PROBLEM TO SOLVE:
Beginning with the line that holds "武汉客厅方舱医院两位患者康复出院", copy each line exactly through the end of the entries, but leave the pictures out.

# # # # #

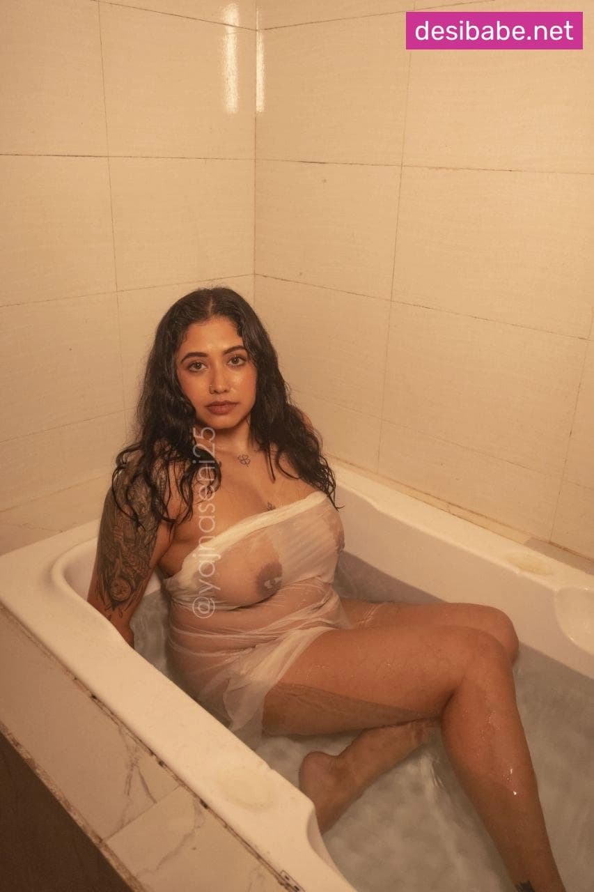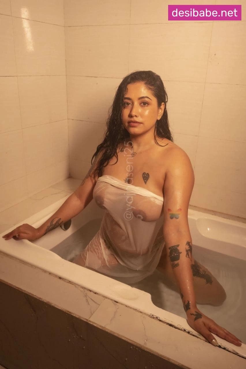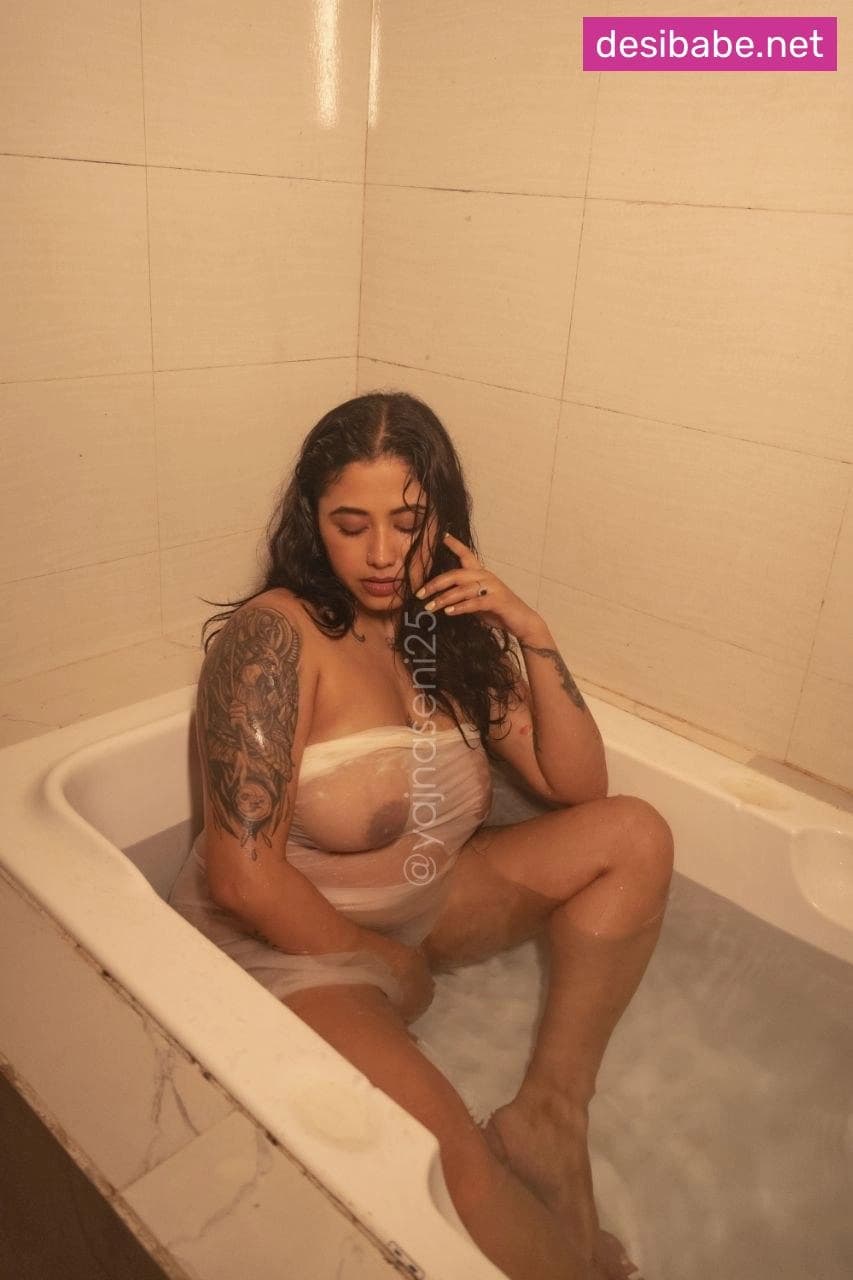 Yajna Seni Wet Bathtub Photoshoot Boobs Display Nude In See-Through
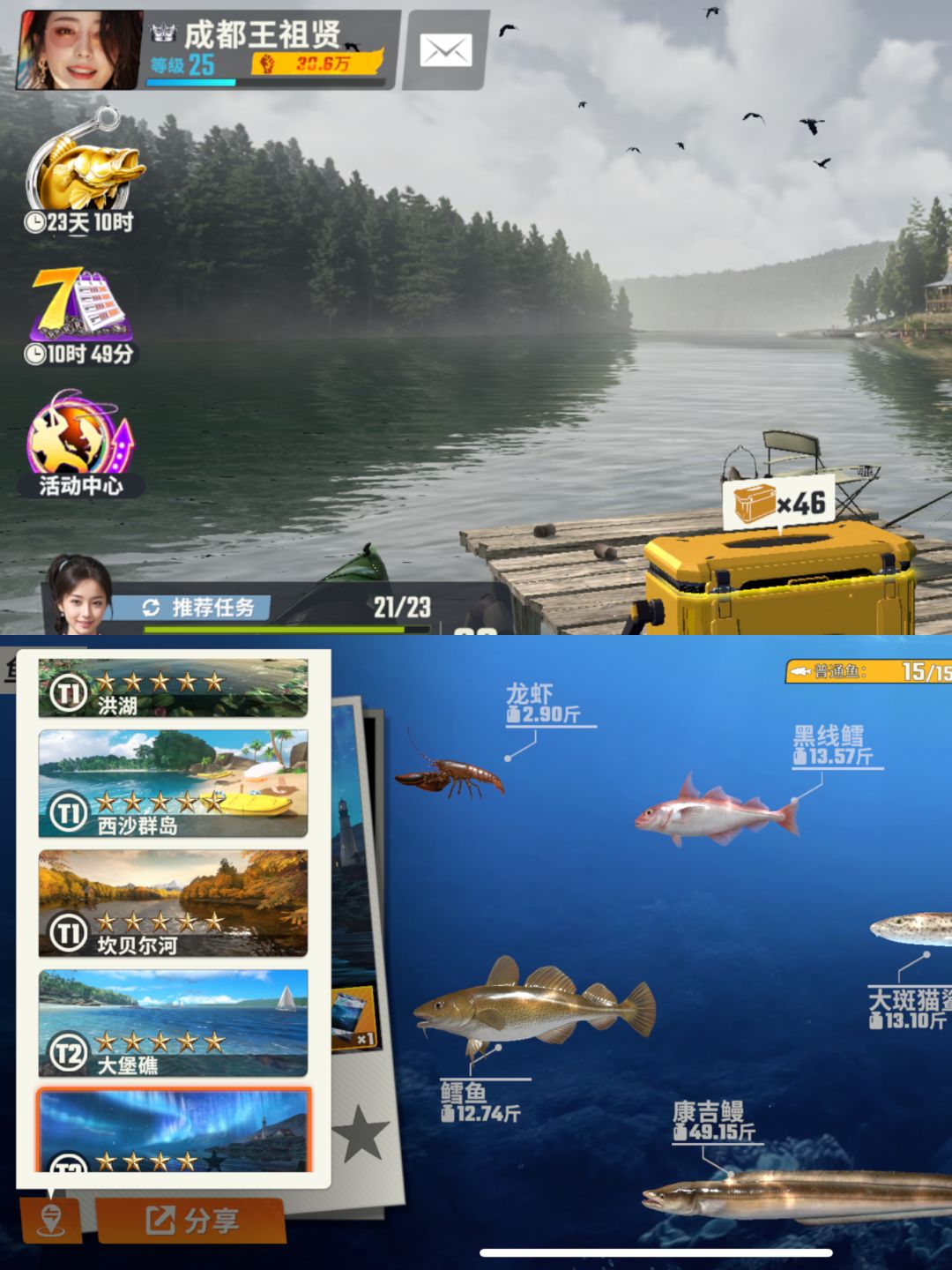 这次讲一些常见的误区。 1.存金箱子。 很多人都讲要存金箱子,等高级再开,这样能换更高级的鱼竿。 我觉得没必要。首先这样玩很压抑,然后其实低级的金鱼竿也是必须给予资源升级的,早期开金箱子并不会造成资源浪费。因为对决里面低级鱼竿也是要用的。 其次游戏里获取金箱子的途径太多了。40级后再屯然后为太平洋准备完全足够了。前期根本不需要屯金箱子。 2.为了防止锦标赛保底分数变高,不升级鱼卡,对各张图“压分”
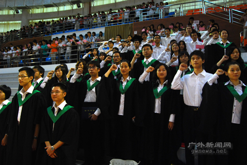 08届毕业生是进驻大学城广外的第一届,肩负着将南北两校文化连接的使命。他们是师弟师妹们学习的榜样。信息学院07级学生杨慧瑗代表在校学生向毕业生们送去祝福。此时此刻,她满怀羡慕之情,也难掩感伤。“时光如梭,往事如歌,你们即将从大学的港湾驶向社会的大海洋,愿你们在新的人生道路上鹏程万里!” 志愿者毕业生赢满场掌声 毕业宣誓拉开人生新篇章
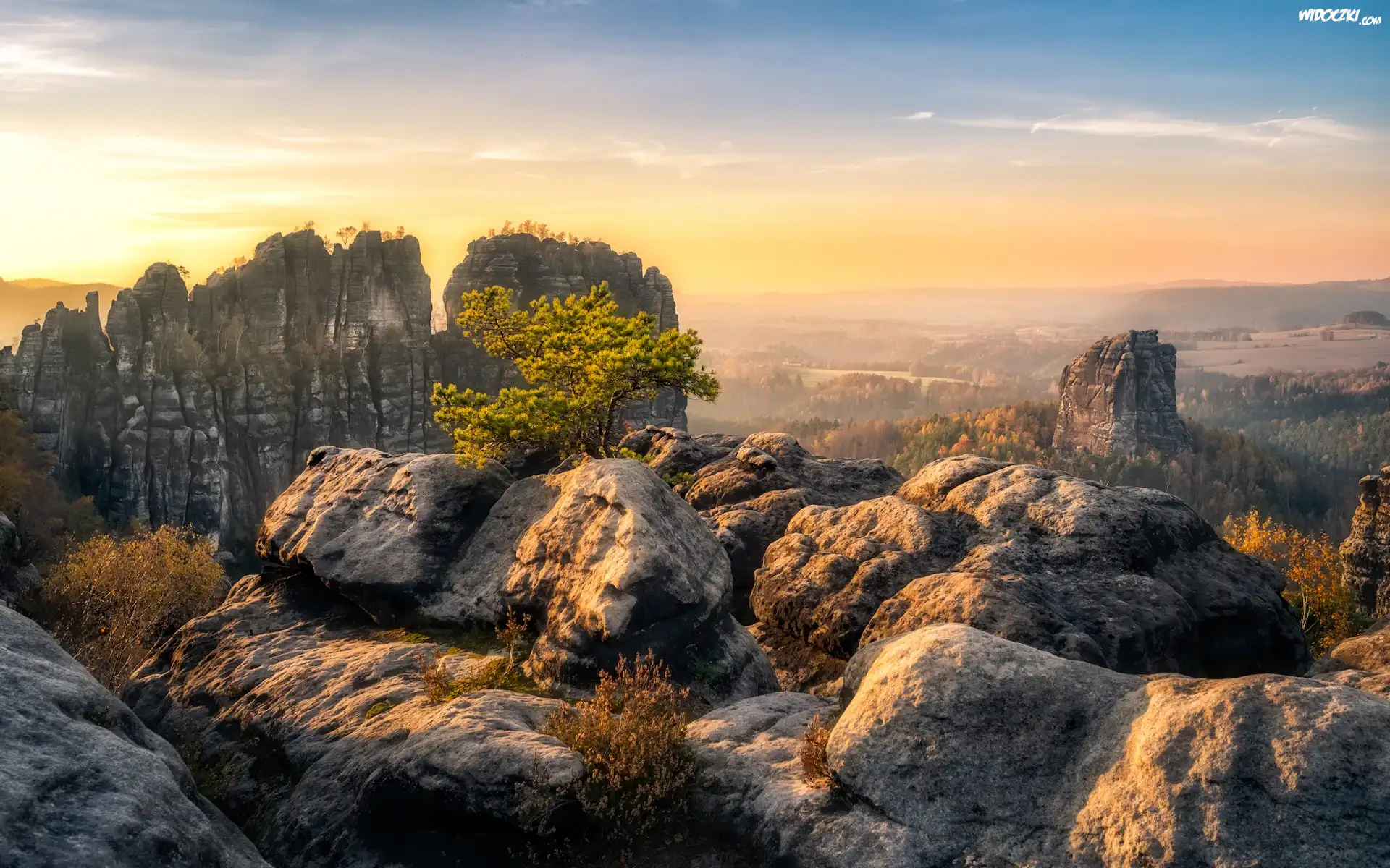 Zdjęcia, Niemcy, Park Narodowy Saskiej Szwajcarii, Góry Połabskie, Drzewo, Skały, Wschód słońca, Mgła
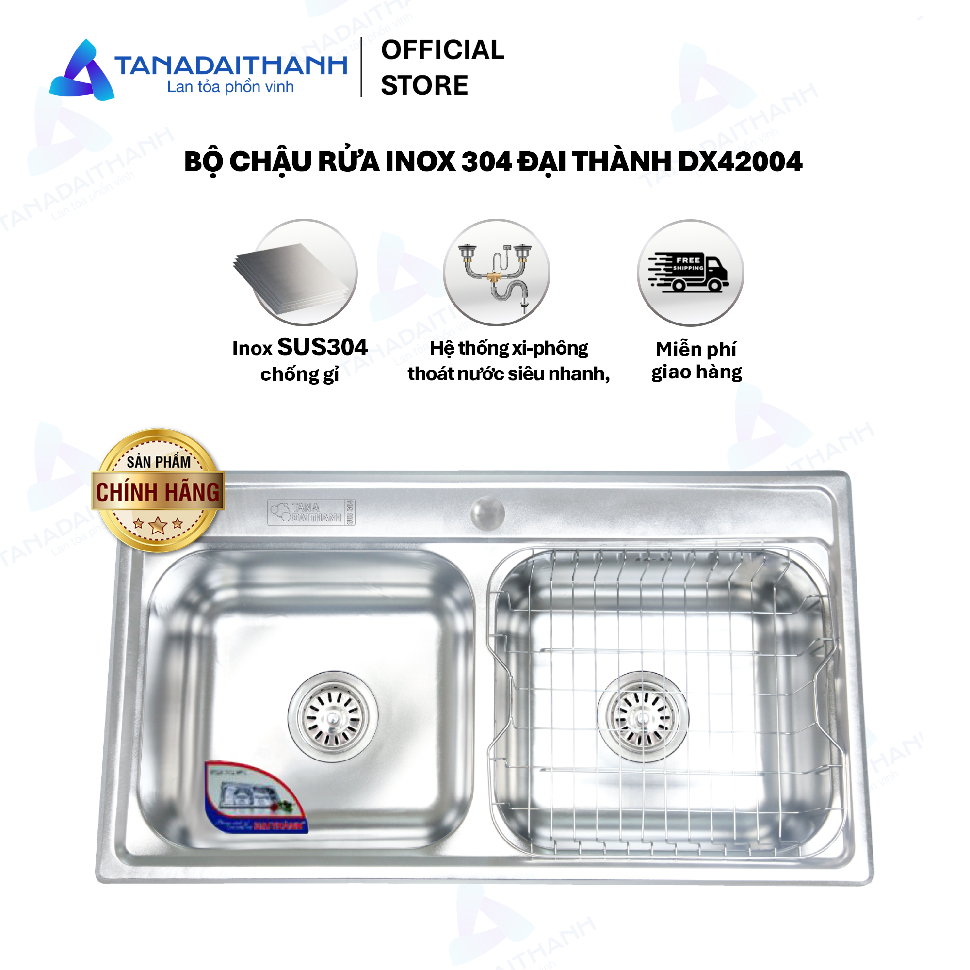 Bộ chậu rửa inox 304 Đại Thành DX42004 - Chỉ bán miền Nam và Tây Nguyên, Hàng chính hãng LƯU Ý: Khách hàng vui lòng chọn mua đúng nhãn (Tân Á/Đại Thành) theo tỉnh thành
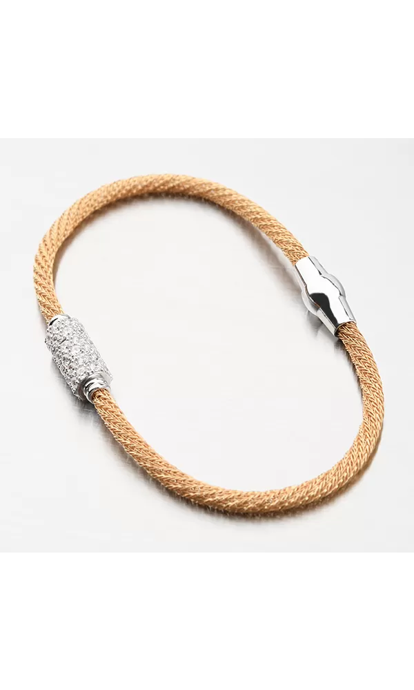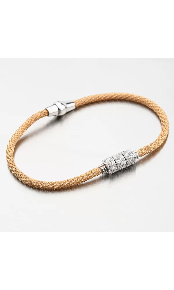Žiarivý dámsky náramok, ktorý je zdobený uprostred dookola osadenými zirkónmi brúsenými do briliantovom bruse. Žltú farbu zlata náramku dodáva technika zlatenia PVD. Prednosťou zlatenia technológií PVD je vysoká tvrdosť a odolnosť proti oteru! Ide o hrubú vrstvu, ktorá preniká do pôvodného materiálu. Zlatenie technológií PVD sa dá porovnať s približne 12 mikrónmi galvanického zlatenia, čo je vysoká hodnota, ktorá pri bežnom nosení vydrží až 12 rokov.
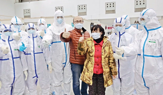 武汉客厅方舱医院两位患者康复出院
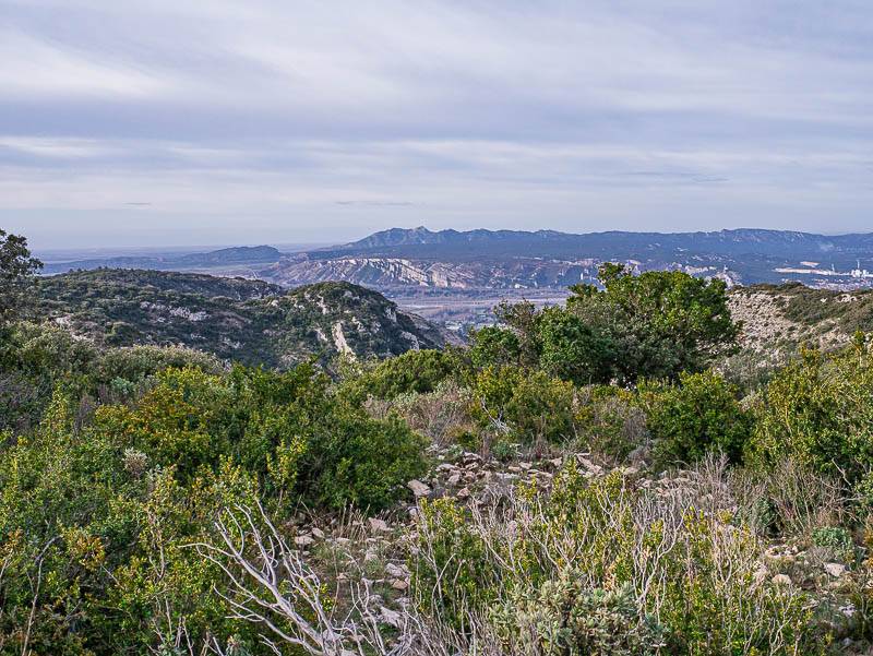 Sur le plateau du Crane de Colombier, la vallée de la Durance sous les Alpilles au delà de la Combe de Vidauque (Petit Luberon, les Taillades, Vaucluse – 19/03/13)

# # # # #

EXERCISE OUTPUT:
 武汉客厅方舱医院两位患者康复出院
 Sur le plateau du Crane de Colombier, la vallée de la Durance sous les Alpilles au delà de la Combe de Vidauque (Petit Luberon, les Taillades, Vaucluse – 19/03/13)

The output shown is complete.